例えば、偉い人の言うことに従えば大丈夫、といった考えることを放棄するような生き方はビジネスの本質からズレてしまっていますからね。
栄枯衰退のシンプルな法則
しかし、成功を捨て続けることが、その人の成長につながると僕は考えています。
第3章 「「成功」は捨て続ける
「成功」というのはその人にとって財産といえます。
「成功」した体験が実績になり、自分の自信になり、ともするとアイデンティティにもなり得ます。
ここで気を付けたいのが、その成功体験に囚われないことです。
過去の成功にしがみついてしまうと「守り」に入ってしまいますし、新しいことに挑戦しないどころか、過去の手法に執着してしまいます。
しかし現実問題として、新しい技術・サービスは日々展開され、ユーザーのニーズも変化し続けます。
だからこそ、成功を捨て続け、常に新しいことに価値を生み出すことに挑戦し続けることが重要です。
また、ユーザーのニーズに対応できれば自分の「市場価値」を高めることができ、これこそが成長といえるでしょう。
過去の栄光に固執してしまって淘汰された例は歴史上に散見されますし、ビジネスの興隆でも数多くあります。

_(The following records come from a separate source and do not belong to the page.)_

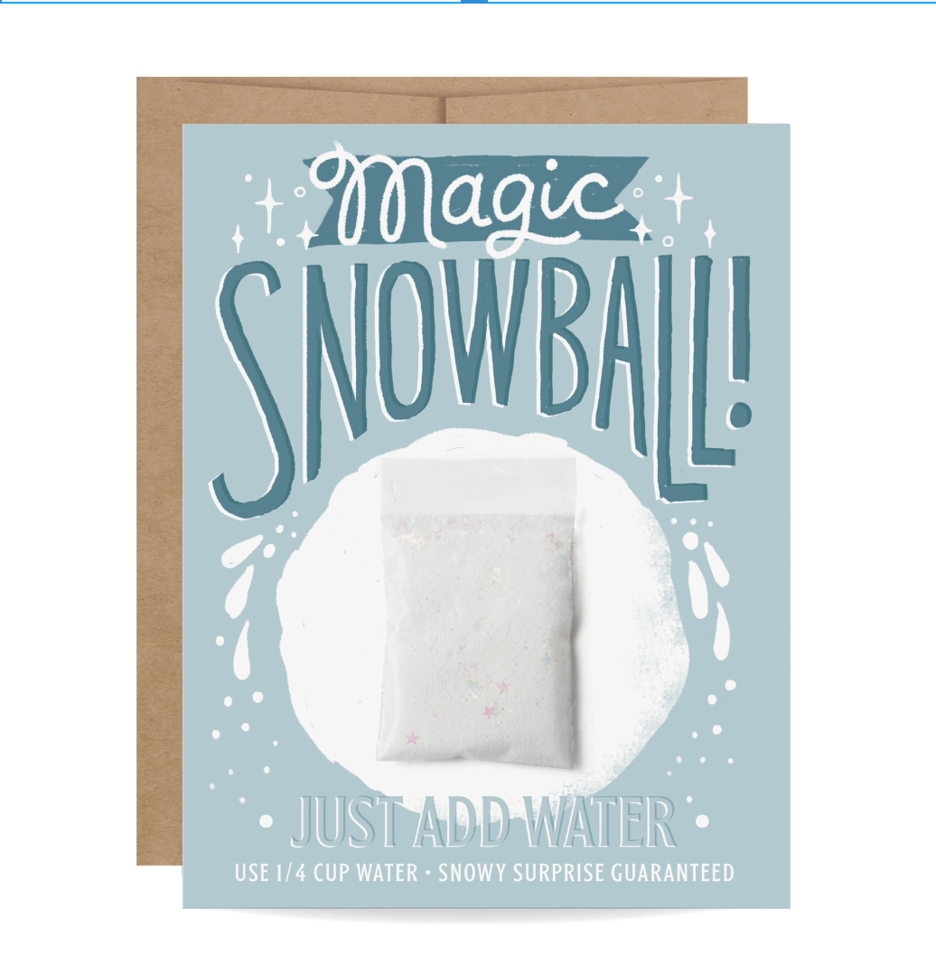 • 5.5 x 4.25 boutique size folded greeting card • Blank inside • 5.75 x 4.5 A2 brown kraft envelope • Includes a package of our DIY snow • Our snow is made from a USA-made. highly-absorbent polymer blended with glitter • Safe to use and non-toxic • Please use supervision with young children • Packaged in a clear cellophane sleeve • Directions enclosed • Sustainably printed in the USA What if you could mail someone a snowball? Simply mix the packet of snow with 1/4 cup of water. and be prepared for a surprise. Snow will grow to 100x its size (roughly the size of a snowball). This card is fun to send to kids. or family/friends living in warm climates! Package dimensions L 5.75 x W 4.5 x H 0.25
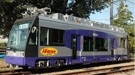 回生エネルギーの有効利用による様々な効用の実現を目指して、1999年から架線と車載蓄電によるハイブリッド電源形電車の研究開発を進めてきました。2003年8月には、リチウムイオン二次電池を搭載した中古路面電車改造によるエネルギー回生形バッテリートラムの試験車両”りっちぃ・とらみぃ”を公開しています。2005年度より3年間は、NEDO(独立行政法人 新エネルギー・産業技術総合開発機構)の委託を受け、これまでの研究で得られた技術的成果を設計に反映した営業線を走行可能な架線・バッテリーハイブリッドLRV (Light Rail Vehicle)LH02形電車 愛称:”Hi-tram(ハイ!トラム)”(図1)を開発製作しました。
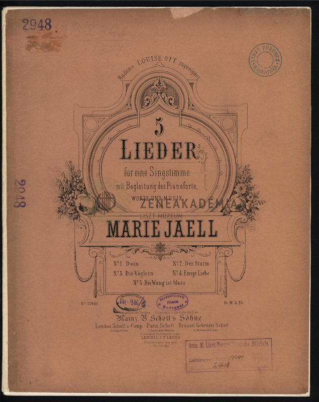 1. Dein; 2. Der Sturm; 3. Die Vöglein; 4. Ewige Liebe; 5. Die Wang ist blass.
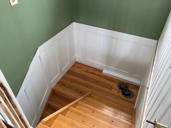 Lite på avsatsen och den övre trappan kvar bara. Sen mer färg, och lister!
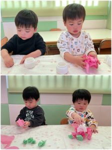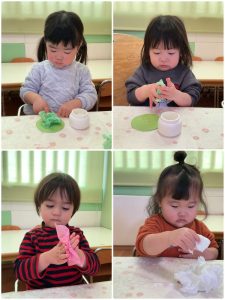 いちご組さんはお花紙を丸めて三色団子作り🍡

周りを見ると「自分はこのやり方で上手くやってきたから大丈夫」と新しいシステムに馴染もうとしない方はいないでしょうか?
システムの仕様変更は必ずしもユーザーのためだけとは限らないでしょうが、少なくとも効率化を目指してという狙いはあるでしょう。
そんな状況で旧体制の手法と新しいシステムが混在しては非効率もいいところです。
人間誰しも成功体験には愛着がありそれを捨てるということは大きな決断が必要になりますが停滞は衰退の始まりともいえます。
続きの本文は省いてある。